Week 1
Puppies start Puppy Preschool when they are aged between 8-14 weeks old.  Depending on the age they had their first vaccination with the breeder (usually between 6-8 weeks old), they will be due their first C5 puppy vaccination between 10-12 weeks of age (ie 4 weeks after first vaccination given). We use a vaccination (with parvovirus protection) that breaks through maternal antibodies when puppies are 10 weeks old, allowing these puppies to be walked in communal areas 7-10 days after this C5 vaccination. However, they wont have full kennel cough protection until 7-10 days after their final C5 vaccination given at 14-16 weeks of age.

Knowing your puppy’s vaccination status is important when it comes to taking them out for walks and practising some of the training techniques that will be posted on Cranbourne-Vet’s Social Media over the next 6 weeks or so. If you are still unsure when you can start taking your puppy out for walks based on the above vaccination guidelines, please call the clinic to discuss your puppies vaccination protocol with one of our friendly staff.

Firstly, some helpful training guidelines:

  • When starting a puppy with a new exercise, always use an area that has as few distractions as possible.
  • If your puppy is struggling to understand the action you are wanting them to do, return to the basic exercise until puppy understands what is required.
  • Do not tease or play games with hands, as this encourages play biting.
  • Keep training sessions short, 5 minutes at a time, multiple times a day.
  • Always pay attention to the puppy’s state of mind.
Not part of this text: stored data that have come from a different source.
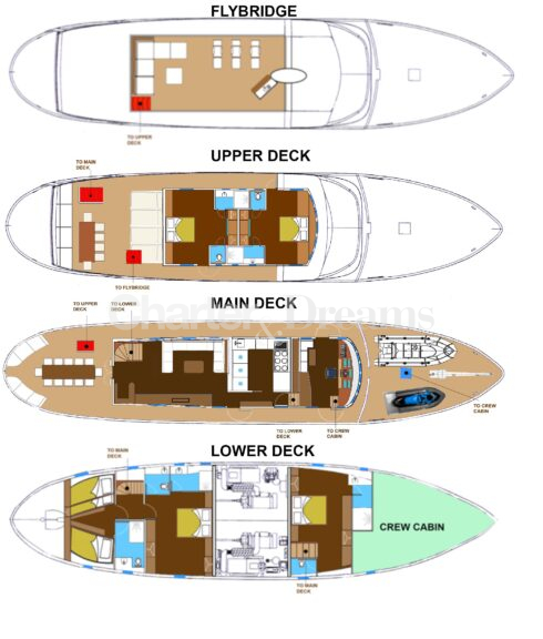 SEMAYA puede alojar hasta 12 pasajeros en 5 camarotes, todos distribuidos en un interior cálido y espacioso que invita a la relajación tras un día de navegación. Sus cuatro cubiertas exteriores permiten aprovechar cada momento del día: desde desayunos al aire libre hasta puestas de sol sobre la costa mallorquina.
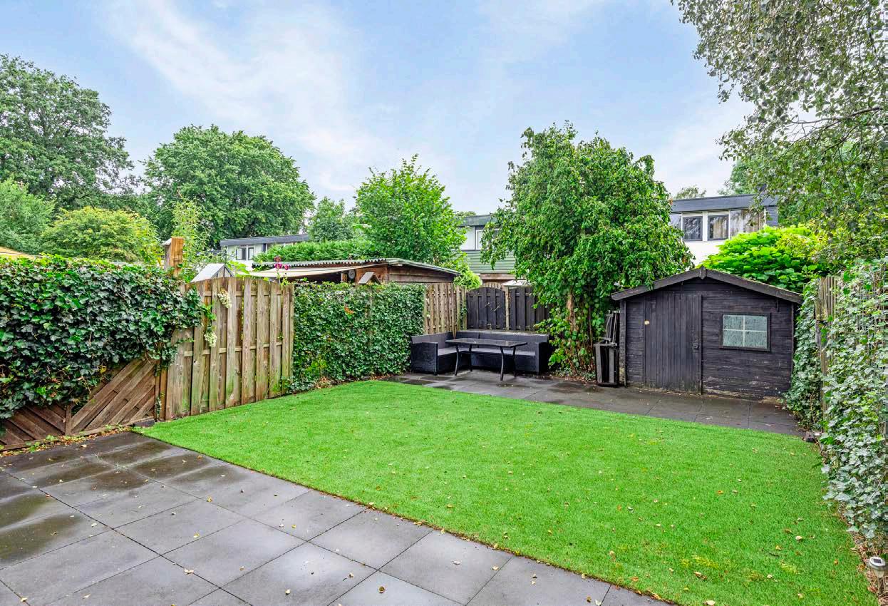 De tuin is een van de grote pluspunten van deze woning. Gelegen op het oosten, kun je hier volop genieten van de ochtendzon en de koelte in de middag. Met een perceeloppervlakte van 197 m² is er voldoende ruimte voor kinderen om te spelen, een moestuin om je eigen groenten te kweken, of een gezellige zithoek waar je met vrienden en familie kunt ontspannen. De tuin is gemakkelijk toegankelijk vanuit de woonkamer, waardoor binnen en buiten naadloos in elkaar overgaan. Dit maakt het de perfecte plek voor lange zomeravonden en gezellige barbecues.
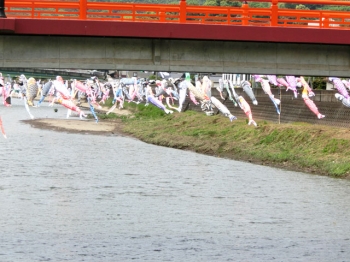 JUGEMテーマ:地域/ローカル JUGEMテーマ:日々徒然 5月の節句。 こどもの日。 長男誕生で鯉のぼりを作り、その年だけではもいったいなにので,いつのころからか川の上を大きなコイが泳ぐようになりました。 阿蘇の杖立温泉が発祥でしょうか? これは高橋神社のよこの川 坪井川です。 川の両岸にロープを張って1本に30体くらい,イヤもっとかも。それが10列くらいあったようです。 年々、列が増えていませんか? いや圧巻ですが。。。ややグロテスク。 ちょっと色がさめてきたコイもあるようです。 車から降り...
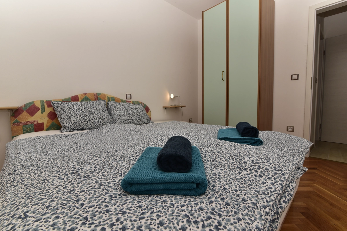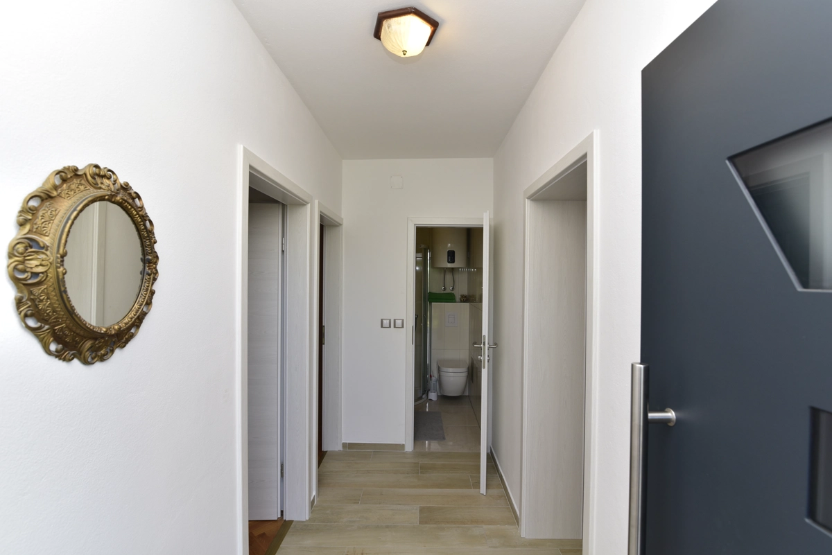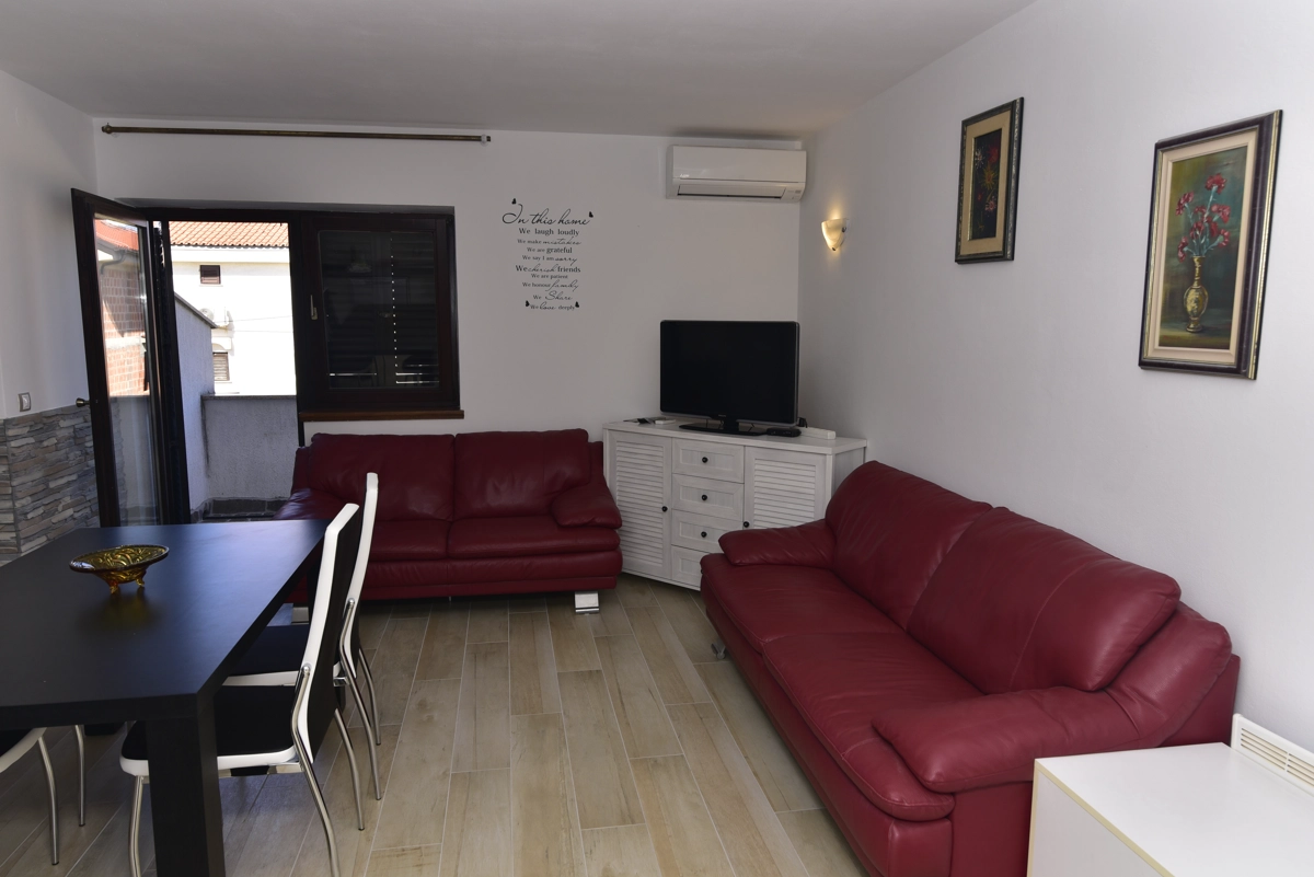 Apartment Oscar is located in a quiet location on the 1st floor of a smaller residential building in Porat. Guests have at their disposal a private terrace with a partial view of the sea, 2 bedrooms, a living room with a kitchen and a dining room, and a bathroom with a shower. In the yard there is also a shared terrace with a barbecue, and a secured parking space. The apartment can accommodate up to 4 people. Ideal for a family or a small group of friends. Among the conveniences, there is also free WiFi, satellite TV, and air conditioning. The beach is only 250 m away.
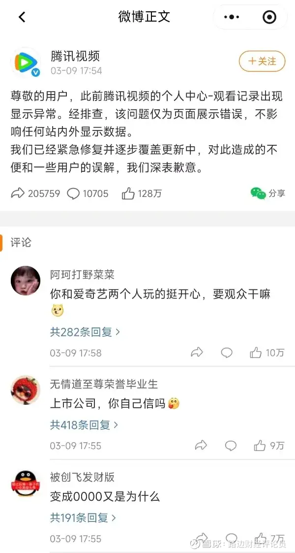 (腾讯视频官微回应)
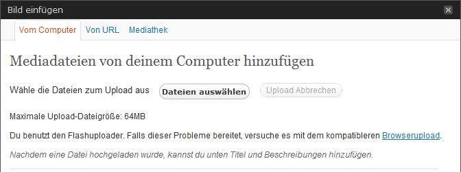 Das Einfügen von Medien bzw. Filmen in WordPress-Artikel ist mittlerweile sehr einfach geworden und muss in den meisten Fällen nicht mehr über den hier vorgestellten Button vorgenommen werden. Der Button ist noch eine Art Relikt aus vergangener Zeit. Da die neue Methode, die wir Ihnen im dritten Abschnitt vorstellen werden, jedoch nicht immer anwendbar ist, sollten Sie den traditionellen Weg auch kennen, um im Notfall darauf ausweichen zu können.
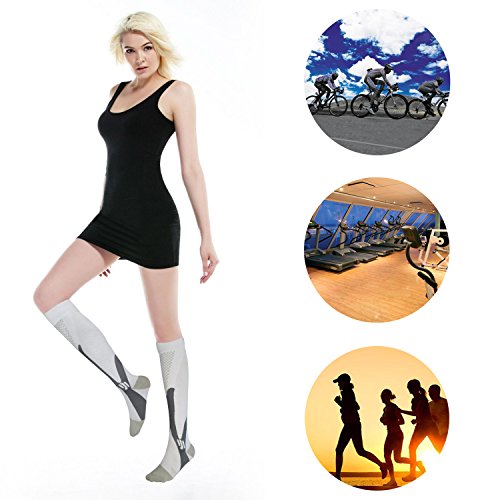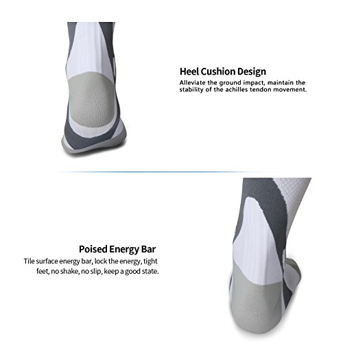 - RECOMMENDED DESIGN – Our compression socks fit closely from your toe to leg, energize your skin. They are applied integration comfortable breathable and quick-drying fabric, reduce muscle soreness, thus feel the immediate comfort. We thicker ankle fabric area, more compact compressed weave, reduce muscle vibration and fatigue to prevent sprained ankle. Cushioning between your toes which is seamless, widening and thickening. Use it every day, night or both.
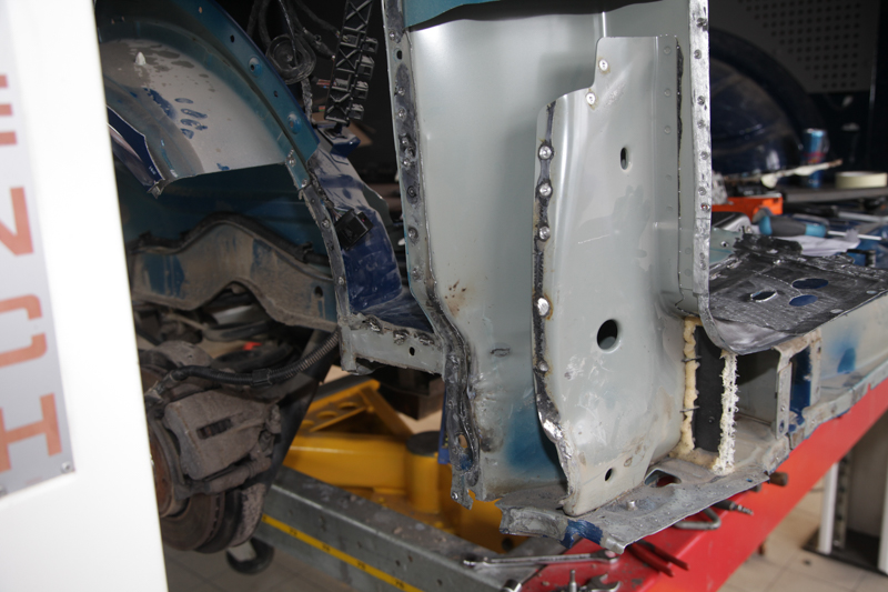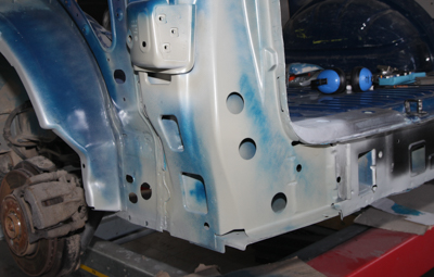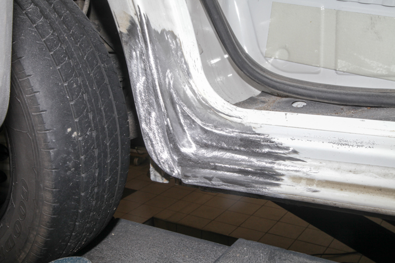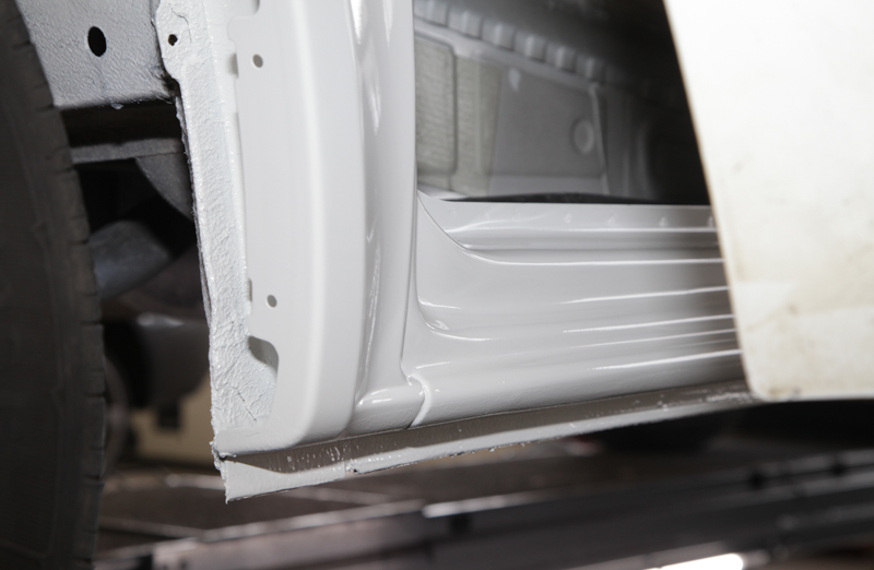 Zweites Blech ist eingeschweißt versiegelt, grundiert und lackiert.
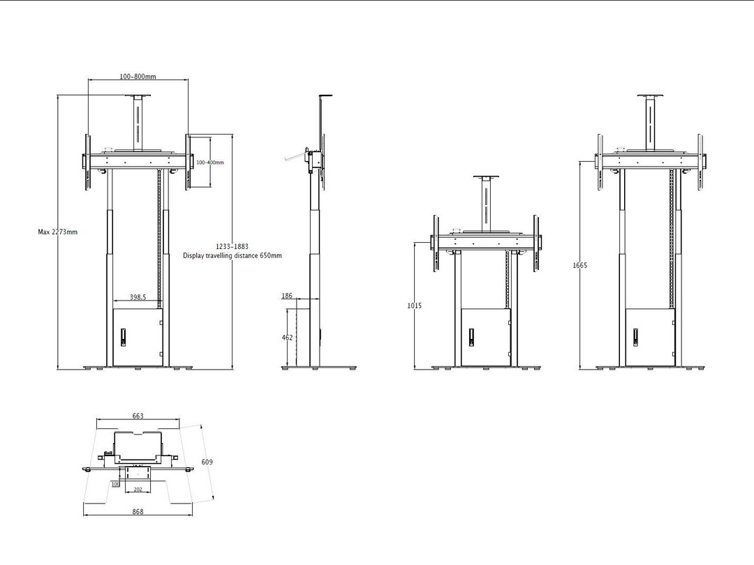 1210 -1860mm, Kabel Bedienung, lautloser Motor,

Never give a verbal cue if the puppy is distracted as they may not respond.
  • Once the puppy responds well indoors, you can begin practising outdoors.
  • As you build confidence and a stronger connection with your puppy, you can practice your training in environments that are slightly more distracting.
  • Between the ages of 8 and 18 weeks is the critical learning stage for your puppy. Any experiences they have at this stage will stay with them.  An example is if they come to the vets as a puppy and enjoy puppy school they will view the vets as a positive experience.  Try to expose your puppy to as many different positive situations as possible.

Handling techniques:
Normally, we would say puppies need to be interacted with, gently handled, picked up and cuddled by friends and family, especially those who don’t live in the household, as this enables them to get used to being handled by other people. As we are in Stage 4 restrictions, this is not possible so make sure everyone in the household interacts with the new puppy, not just the main person who is doing the training.

Training a puppy to accept handling by yourself and others will have lifelong benefits, such as reduced stress when visiting the veterinarian or groomer.

Owners should get their puppies used to being examined regularly. This way, an owner can pick up things sooner such as ear infections, skin infections and overgrown claws. By handling puppies as described below, it also desensitises them and reduces their anxiety about areas of their body being examined when they come to the vet for a routine health check or if that particularly body part is sore and needs to be examined in greater detail.

  • Face: Gently massage your puppy’s face, especially around the ears and the mouth.
  • Mouth: Get your puppy used to their mouth being touched and opened.
  • Ears: Play with your puppy’s ears gently, look in them and get the puppy used to them being touched.
  • Outer body: massage the puppy’s skin all over the body and down the legs.
  • Paws: Consistently massage your puppy’s paws and play with their toes.